Current scope of Juliet is identification of codon-wise variants in coding regions. Juliet performs a reference-guided, de-novo variant discovery and annotates known drug-resistance mutations. There is no technical limitation with respect to the target organism or gene. A first version of variant phasing is available. Insertion and deletion variants are currently being ignored; support will be added in a future version.
Both, theoretical and empirical, performance estimates agree with the following statement:
At a coverage of 6000 CCS reads with a predicted accuracy (RQ) of >=0.99, the false positive and false negative rates are below 1% and 0.001% (10-5), respectively.
The underlying model is a statistical test, comparing the number of observed mutated codons to the number of expected mutations at a given position. The particular test is a Bonferroni-corrected Fisher's Exact test.
Install the minorseq suite using bioconda, more info here.
One of those binary executables is called juliet
.
Juliet operates on CCS records in the BAM format.
Reads should be created with CCS2
using the --richQVs
option.
BAM files have to PacBio-compliant, meaning, cigar M
is forbidden.
Juliet currently does not demultiplex barcoded data;
provide one BAM per barcode.
Input CCS reads should have a minimal predicted accuracy of 0.99,
filtering instruction available here.
Reads that are not primary or supplementary alignments, get ignored.
Juliet provides a JSON and/or HTML file:
$ juliet data.align.bam patientZero.html
$ juliet data.align.bam patientZero.json
$ juliet data.align.bam patientZero.html patientZero.json
The HTML page is a 1:1 conversion of the JSON file and contains the identical information, but more human-readable.

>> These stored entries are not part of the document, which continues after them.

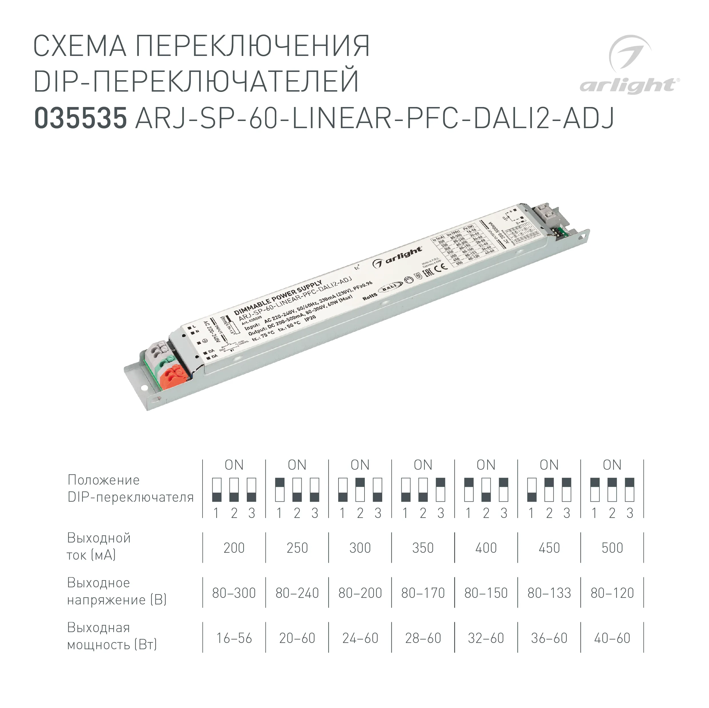 Блок питания ARJ-SP-60-LINEAR-PFC-DALI2-ADJ (60W, 80-300V, 0.2-0.5A) (Arlight, IP20 Металл, 5 лет)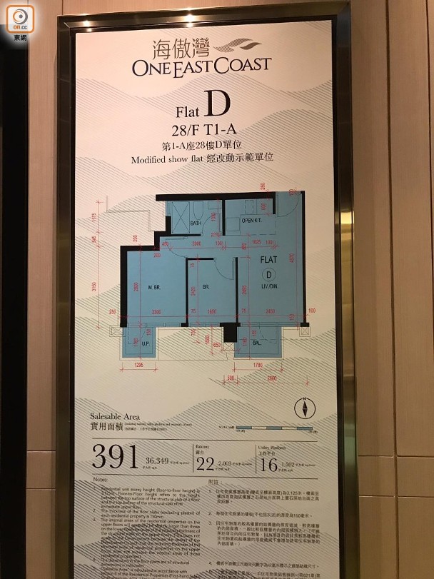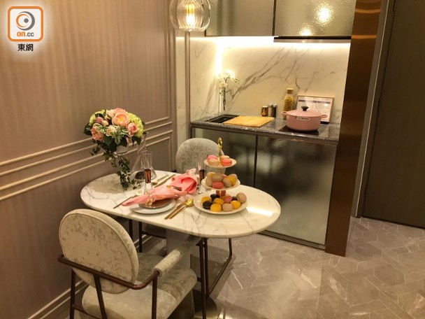 另外,項目同時開放參照第1-A座28樓D室打造的兩房戶示範單位,該單位實用面積391方呎,廚房均以開放式設計,大廳設有面積22方呎露台,睡房則連接16方呎工作平台。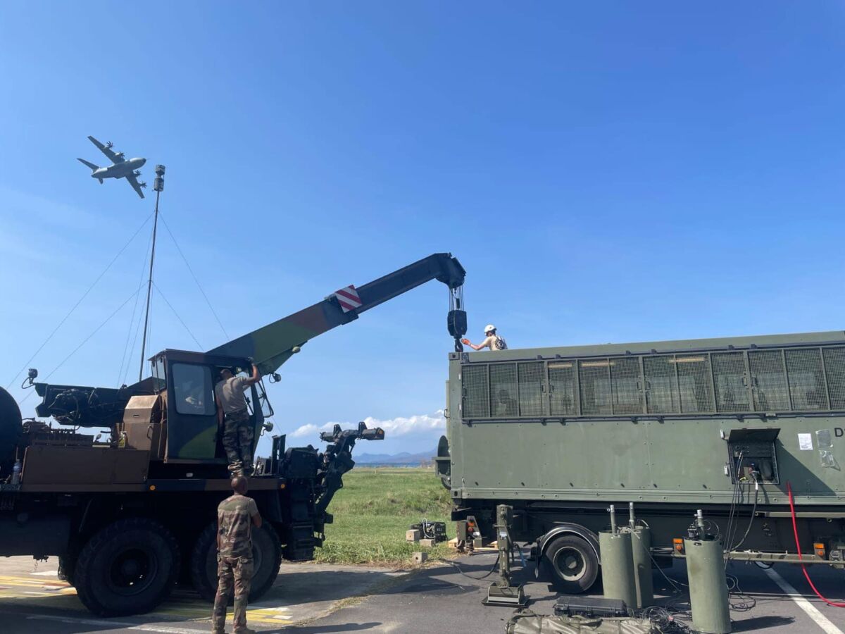 Transportée par un avion militaire A400M pour la première fois, cette vigie mobile a été installée en moins de 24 heures grâce au travail conjoint des techniciens de l’escadre aérienne de commandement et de conduite projetable (EAC2P) et des contrôleurs aériens venus de plusieurs bases métropolitaines.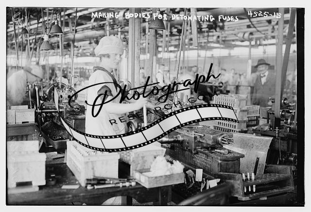Making bodies for detonating fuses,woman working,machinery,Bain News Service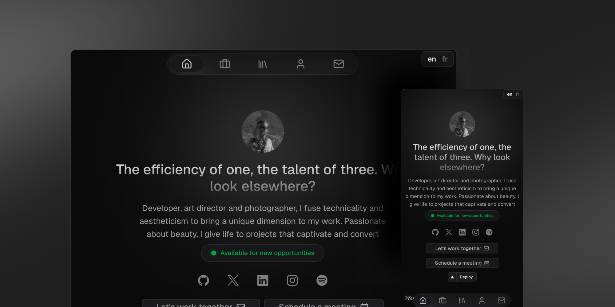 Canvas Portfolio is a fully customizable i18n portfolio template built with Nuxt and Nuxt UI, designed to help you showcase your work, testimonials, and key information with ease. The template integrates with Nuxt Studio module for a smooth editing experience, while leveraging Nuxt Content for content management. Built with performance, flexibility, and responsiveness in mind, Canvas Portfolio provides a robust foundation for developers and creatives alike.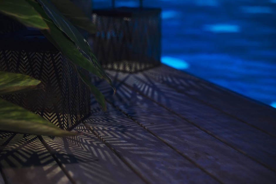 プールサイドでは、冬でも屋外で沖縄の自然を楽しめるように、植物を映し出し、植物の影を楽しんでいただけるようなライトアップを行います。植物の形をデザインに取り入れたオリジナルランタンに加え、プールサイドの木々には月灯かりのようなライティングを行い、ウッドデッキに木漏れ日のような光を映し出します。さらに、プールサイドのソファ上のシェードには、水面のような柔らかい光の揺らぎを投影し、幻想的な空間を演出します。水、風、植物が感じられる灯かりの中で、波音を聴きながら温かなプールに漂えば、沖縄の自然に包まれるような非日常の空間を楽しめます。
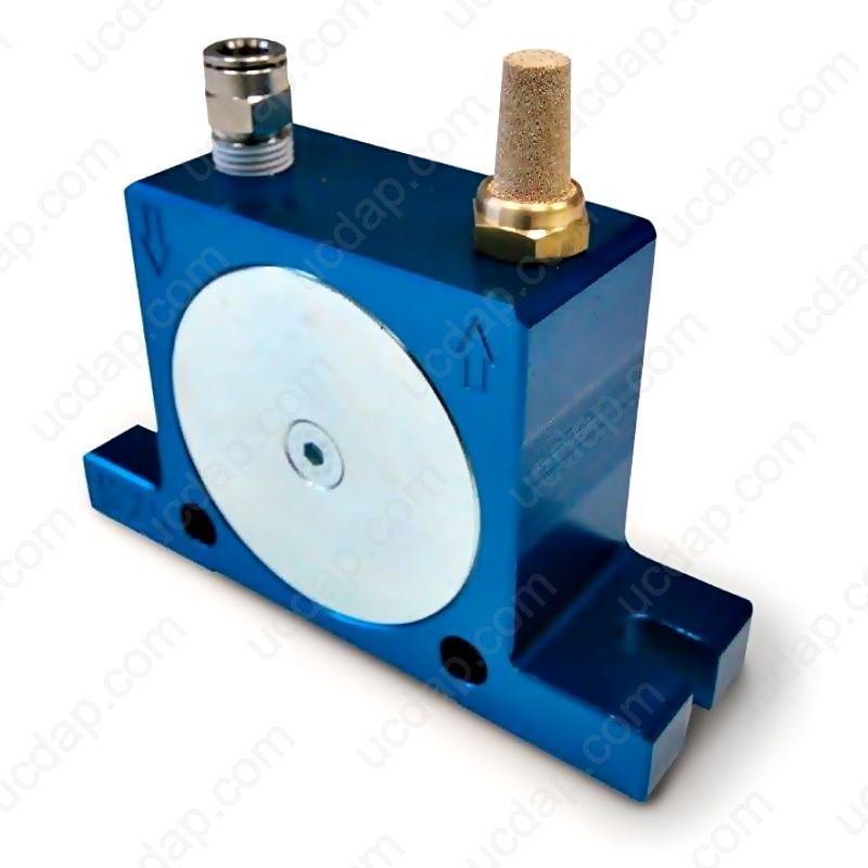 Пневматические шариковые вибраторы серии S доступны в восьми размерах с корпусом из алюминия синего цвета и крышкой из оцинкованной стали.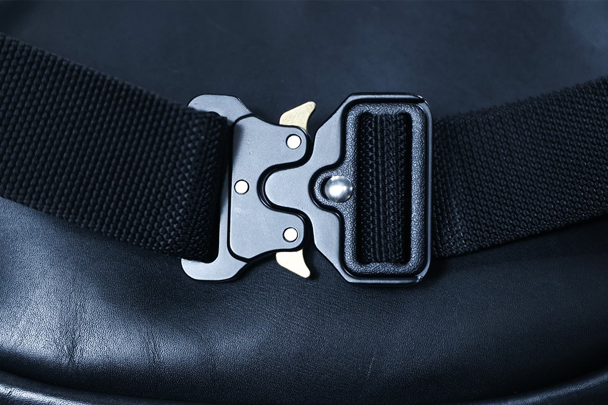 軍用でよく使われるバックルをこちらのバックに活用しています。堅牢性だけでなくメタルな雰囲気に一助しているのも特徴です。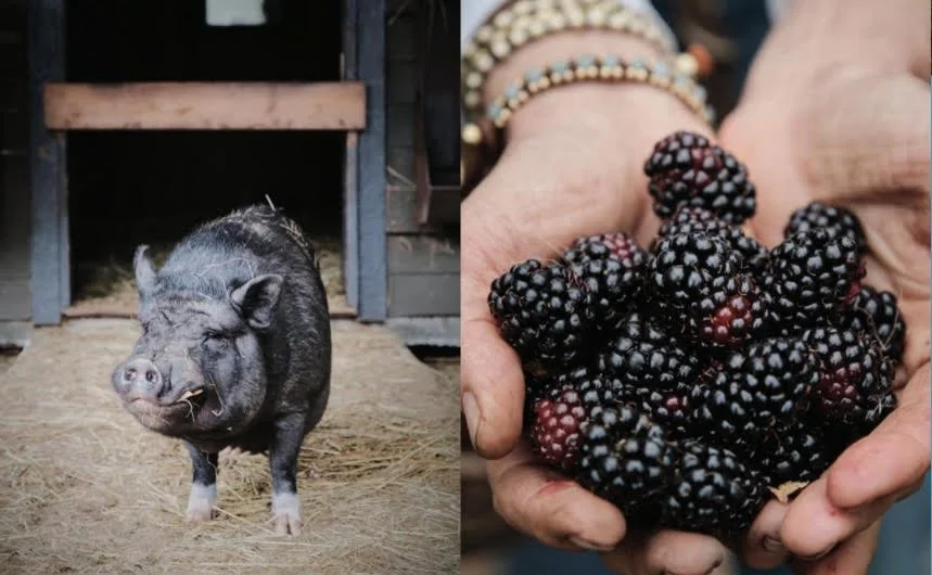 The farm also features goats, lots of colorful chickens and an orchard and big organic garden that guests are encouraged to harvest.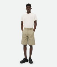Shorts in light cotton twill. Product Details - Light cotton twill shorts - Wide leg - Special label on the back pocket - Zip, hook, and button closure - Material: 100% cotton - Color: Flint - Made in: Italy - Product code: 815195V4CS02145 Size & Fit - Model is 190 cm|6'2" and is wearing a Bottega Veneta size 46
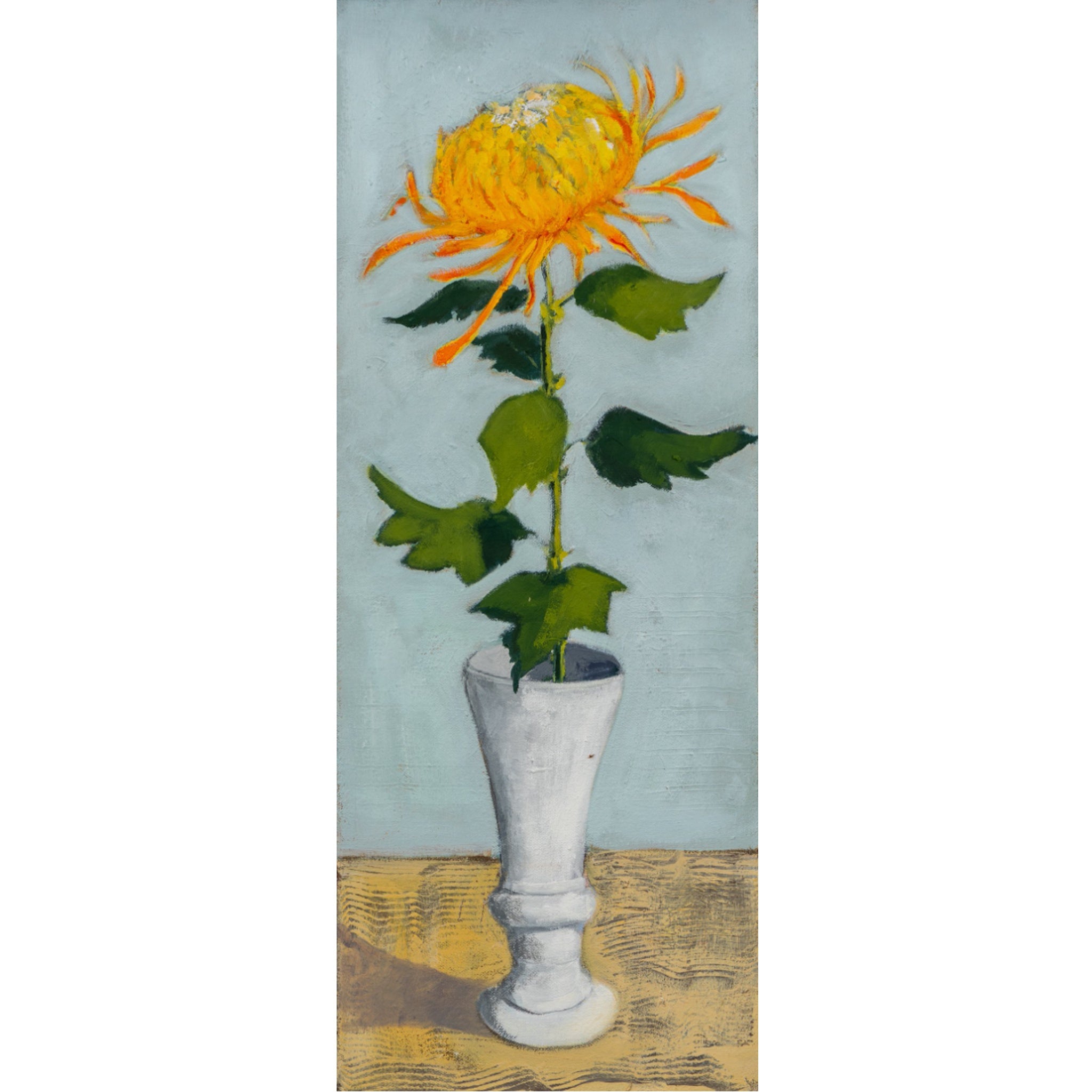 Yellow Chrysanthemum In Glass Vase, 2023, Jill Michell, oil on wood panel, framed

The HTML file contains four sections:
This section of the HTML output summarizes the data provided, the exact call for juliet, and version of juliet for traceability purposes
Details of the provided target config are summarized for traceability. The config version, reference name and length, and annotated genes. Each gene with its name in bold, followed by the reference start, end positions, and possibly known drug resistance mutations.
For each gene open reading frame, there is one overview table. Each row represents a variant position. Each variant position consists of the reference codon, reference amino acid, relative amino acid position in the gene, the mutated codon, the mutated amino acid, the coverage, and possible annotated drug resistance mutations. Clicking the row will show counts of the multiple-sequence alignment counts of the -3 to +3 context positions.
This view summarizes the variants grouped by annotated drug mutations:
Juliet is a multi-purpose minor variant caller that uses simple target configuration files to define different genes of interest such as HIV open reading frames to BCR-ABL kinase regions. There are preinstalled configurations to ease batch applications and allow immediate reproducibility. A target configuration may contain multiple coding regions within a gene sequence and optional drug resistance mutation positions.
Running on predefined genome such as HIV:
$ juliet --config "HIV" data.align.bam patientZero.html
Currently available configs are: HIV
, ABL1
To define your own target configuration, create a JSON file. The root child
genes contains a list of coding regions, with
begin and end, the name of the gene, and a list of drug resistent mutations
drms. Each DRM consists of its name and the positions it targets. The "drms"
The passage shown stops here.